東アジア杯で韓国に大苦戦した理由を誰も追及しないのはなぜか (4ページ目)

  • 杉山茂樹●文 text by Sugiyama Shigeki
  • photo by Fujita Masato

 この癖を直さない限り、自慢のパスによってゲームを支配できない。日本サッカーは進歩しない。そして代表監督には、その点を正してくれる人を就かせる必要がある。

 そうした視点でいうと、東アジア杯の2戦目(豪州戦)は、評価できた。日本の癖が最も垣間見られなかった試合だった。日本は豪州に支配率で大きく勝っていた。サッカーの中身は3試合の中で一番よかった。冴えたパスワークを見せた。外の使い方という点で、1戦目(中国戦)、3戦目(韓国戦)に勝っていた。ザッケローニから高い評価を得られなかった(とおぼしき)選手で構成されていたにもかかわらず。

 つまり、この皮肉な現実から分かることは、まず問われているのは選手の質ではなく、サッカーの質だということだ。
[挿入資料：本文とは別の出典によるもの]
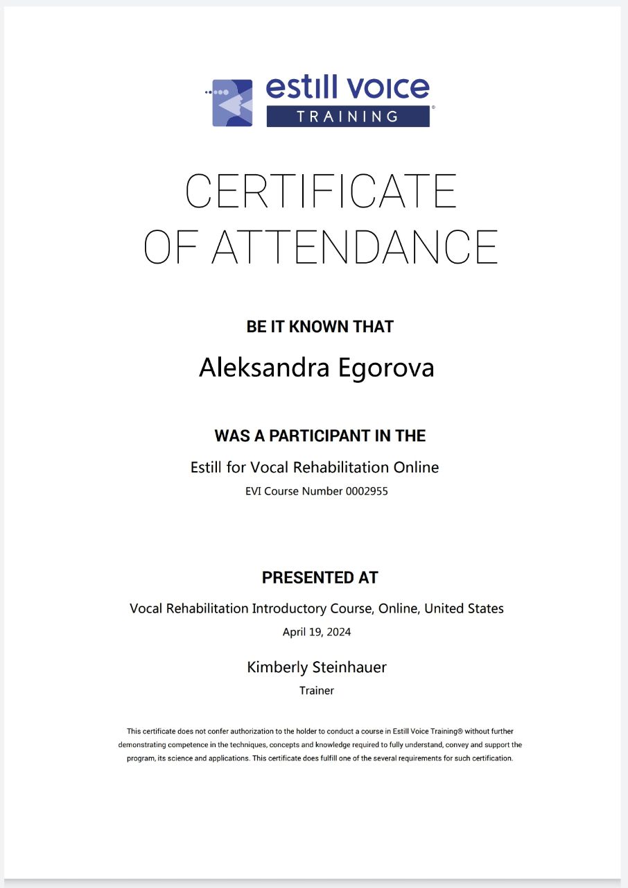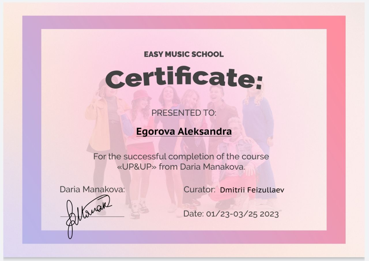 Привет! Меня зовут Александра. Я преподаю эстрадный вокал онлайн. В данный момент у меня есть несколько форматов работы: ✅Индивидуальные онлайн уроки, 60 минут (самый быстрый и эффективный способ научиться петь) ✅Групповые онлайн уроки, 90 минут (занятие в мини группе до 5 человек, первые полчаса уделяем разогреву и работе над техническими приемами, далее уделяю внимание каждому ученику по очереди, разбираем сложные места в конкретной песне) ✅Клуб – чат в телеграм, помощник в выполнении домашних заданий и клуб для общения. Занимаюсь со взрослыми любого возраста и детьми с 8 лет. В проведении онлайн занятий большое внимание уделяю качеству. У меня хороший интернет, веб камера и микрофон, вы точно будете хорошо меня видеть и слышать. Вот 5 причин, почему вам понравится у меня учиться: 🔷️1) У меня большой и разнообразный опыт преподавания музыки, более 10 лет профессионального образования, а также более 10 пройденных дополнительных курсов, среди которых международно признанные тренинги EVT и DVT, вводный курс в вокальную реабилитологию, курс Up&Up Даши Манаковой. Преподаю с 2009 года. За это время я работала в частных и государственных школах Петербурга, кроме того 2.5 года работала преподавателем музыкальных дисциплин в Китае. В данный момент работаю как частный преподаватель. 🔷️2) В построении плана обучения я опираюсь на ваши цели и предпочтения. Все мы разные. Каждый хочет получить от занятий что-то свое. Некоторые мои ученики сами не знают, почему они хотят заниматься музыкой. У них есть душевный порыв, но нет сформированной цели. Кто-то напротив уже имеет опыт в музыке и приходит ко мне с конкретной задачей. На первом занятии я определяю ваш уровень, узнаю о ваших целях и пожеланиях и дальше мы учимся исходя из этих данных. Если вы приходите с целью петь для себя, я помогу вам научиться попадать в ноты, подбирать песни, подходящие по тональности и при этом не буду грузить домашними заданиями. В случае, если вы хотите развиваться в вокале серьезно, мы будем подробно изучать музыкальную теорию, основы и нюансы вокального искуства, правильную работу с микрофоном, артикуляцию, передачу эмоций через пение, и другие аспекты, которые необходимы, если вы хотите звучать как профессионал. При этом от вас потребуется большая отдача. Нужно будет много заниматься самостоятельно и выполнять ДЗ. То, как мы будем учиться, зависит от того, к какому результату вы хотите прийти. 🔷️3) Мой подход к обучению основан на современных научных методиках и техниках. Ваш голос - это сложный музыкальный инструмент. У гитары есть дека, струны и гриф, а у вашего голосового аппарата есть гортань, ложные и истинные связки, резонаторы и другие структуры. Чтобы красиво петь – вы должны уметь чувствовать и контролировать эти структуры. На моих занятиях мы будем учиться это делать, с помощью специальных упражнений и современных вокальных техник. 🔷️4) Любовь к музыке и любовь к людям позволяют мне создавать на уроках комфортную, безопасную, поддерживающую атмосферу. Для меня одна из важнейших вещей в преподавании – дать ученикам возможность самовыражаться, не бояться осуждения, получать поддержку. 🔷️5) Для своих учеников я регулярно организую отчетные концерты. Это по-настоящему любимое и ожидаемое событие. Мы собираемся вместе, ученики приглашают друзей и родных, мы поем пе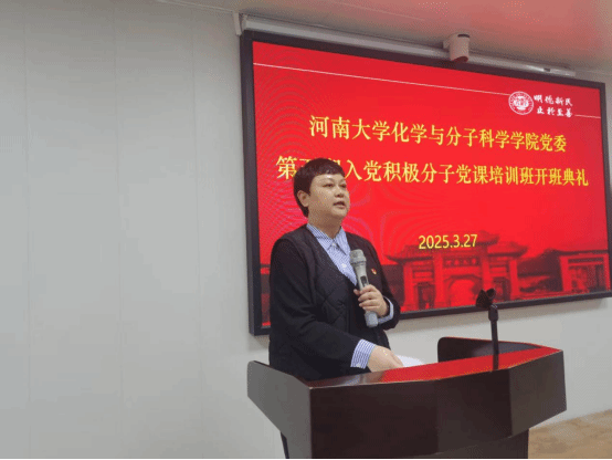 党委第五期入党积极分子党课培训班开班典礼于学院二楼报告厅隆重举行。学院党委书记常凤香、党委副书记马文海、纳米科学与工程研究院副主任张俨娜、本期培训班班主任、学院党委办公室主任宁攀、部分学生党支部书记以及全体培训班学员参加典礼。开班典礼由马文海主持。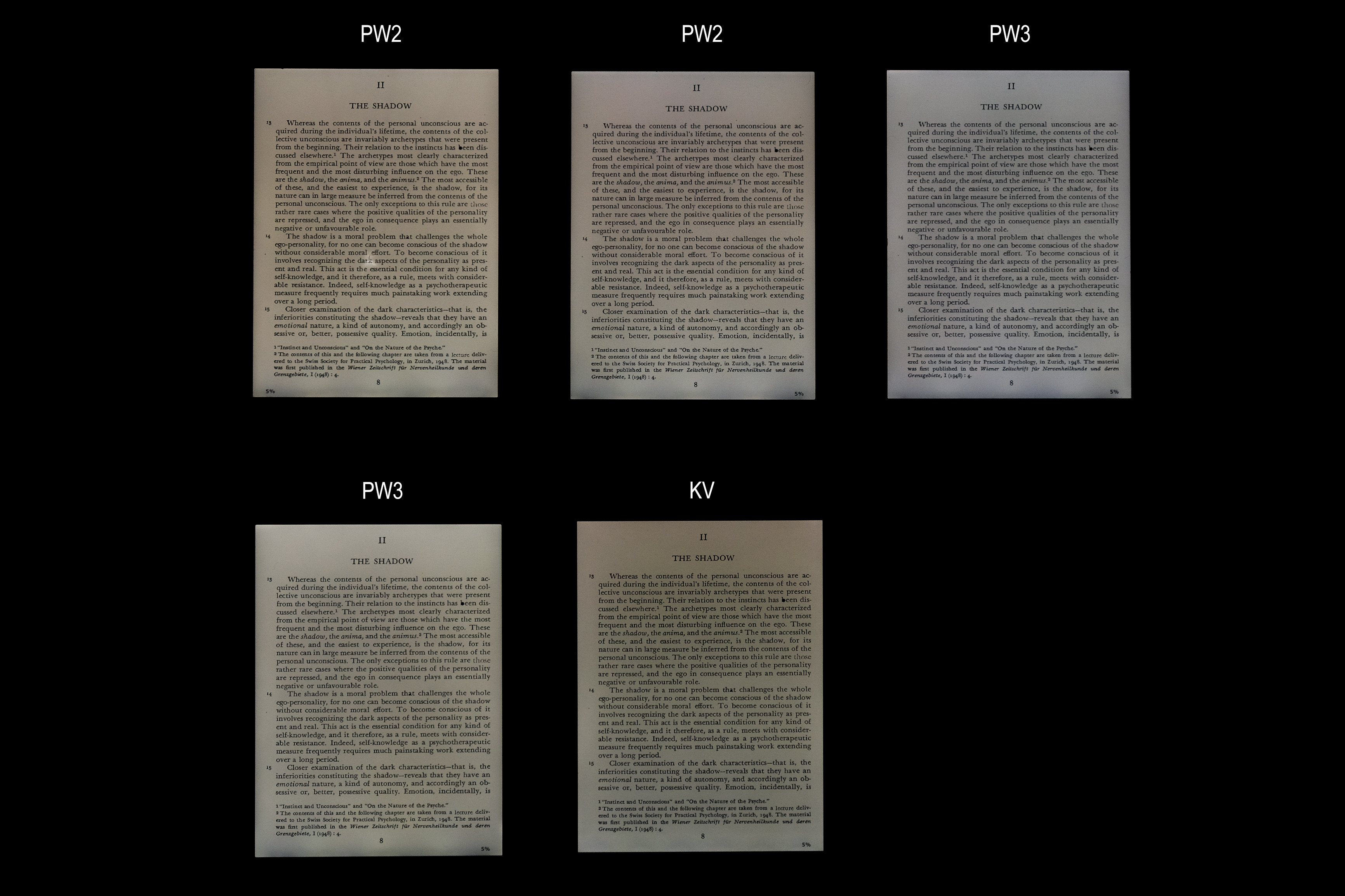 I compared 2x PW2, 2x PW3 and 1x Voyage. All the Kindles were set to brightness level 10 (max. is 24). The second photo was oversaturated +100% using Adobe Lightroom in order to better see the differences. If you look closely you can see the 5 LEDs on the bottom of all Paperwhites. On the Voyage you almost can't see them, but the LEDs on the bottom seem to be whiter then the ones on top (this is more evident on the oversaturated photo). My plan is to do a lot more photos with different brightness settings and at least 7 more PWs and one more Voyage. They're currently bricked but I'll try to unbrick them in the course of the next few weeks. |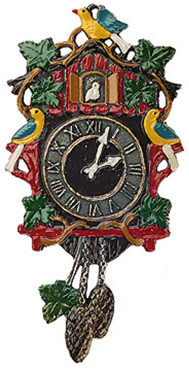 This pewter Christmas ornament features a traditional German Cuckoo Clock.

ザッケローニの指導力、代表監督の手腕。それは選手個人の力の及ぶところではない。

  だがコンフェデ杯後、一瞬、盛り上がったザッケローニ是非論は、もはやすっかり聞かれなくなった。サッカーゲームの進め方どころか、今回もすべての試合で露呈した交代下手を指摘する人もいない。流れを改善する交代ができないのと、そのタイミングの遅さは相変わらず、だ。

 優勝、偶然に近い韓国戦の勝利、そして代表の椅子取りゲームを見て、過去を忘れて喜ぶ姿は内向きであり、非世界的である。今まさに、ファンは目先を変えられてしまった状態にある。「3連敗」のショックからわずか1ヵ月で簡単に立ち直る姿は、愚かで危ない。僕はそう思う。